A farewell letter

Hi babe I just wanted to write a letter for the last time. Its been hard for me to write a farewell. I don’t like goodbyes but I’ll do it for myself to move forward. I just wanted to say thank you for everything. Thank you for the genuine love that I never felt before. You changed my life in so many ways. I don’t have any regrets for loving you too much. In almost half of year I feel so loved and wanted. Its a bitter sweet experience that I’ll forever treasure. You’re a great person I’ve ever had. I don’t blame you and I let you go. I hope one day you find what you looking for. Take care of yourself and guard your heart as much as you can.
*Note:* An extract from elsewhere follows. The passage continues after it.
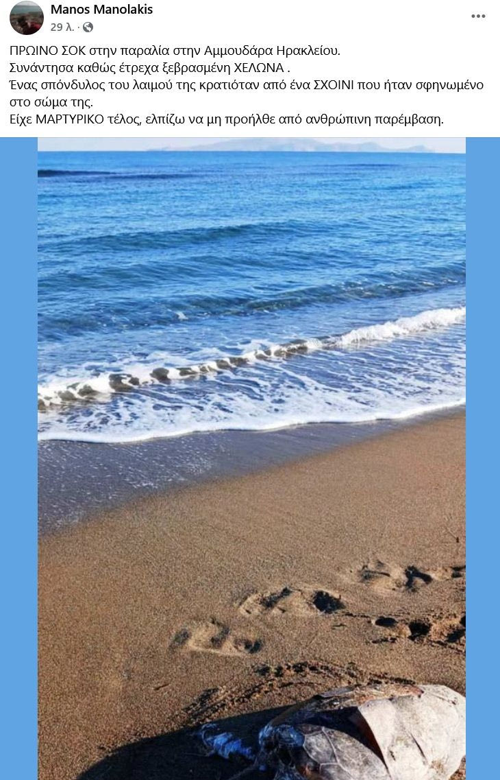 Χελώνα ξεβράστηκε νεκρή στην παραλία και μάλιστα σύμφωνα με αυτόπτες μάρτυρες είχε στο λαιμό της σχοινί.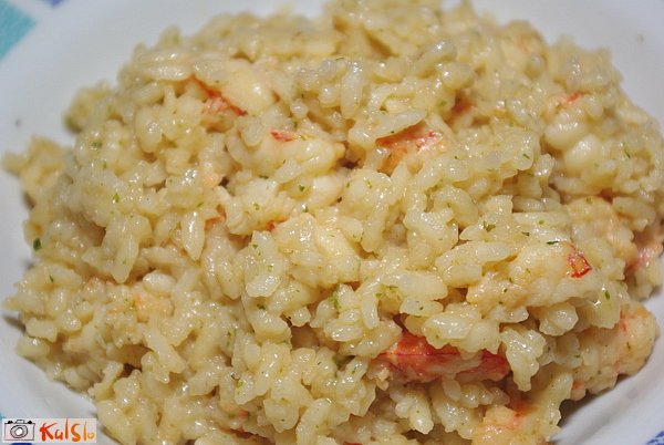 škampi, česen in olivno olje v kombinaciji z rižem

I will missed you. I will miss everything we do together. I will miss how you laugh and being annoyed. I will miss how you say I love you. I just wanted to say I didn’t give up. I just wanted you to be happy and letting go is the easiest way. I feel my value. You were the only person saw that. Thank you for borrowing your shoulder to cry on. For depending me to all people who hates me. Thank you for being there that I’m almost gave up. continue dreaming. I’ll pray your peace of mind. Don’t blame yourself for hurting me. Always remember that’s you are a great person. You deserve to be happy. Take care of your mom. Never ever leave her. I’m not mad for leaving me. I will be forever thankful that I had you. I respect the path you choosen. And you choosed to walk without me. I’m praying one day you’ll meet a woman who love and accept your flaws. Who can stand by your side through good and bad times. I wish she will love you more than that I did. I promise to you. I’ll be fine. Its time to walk away and say goodbye.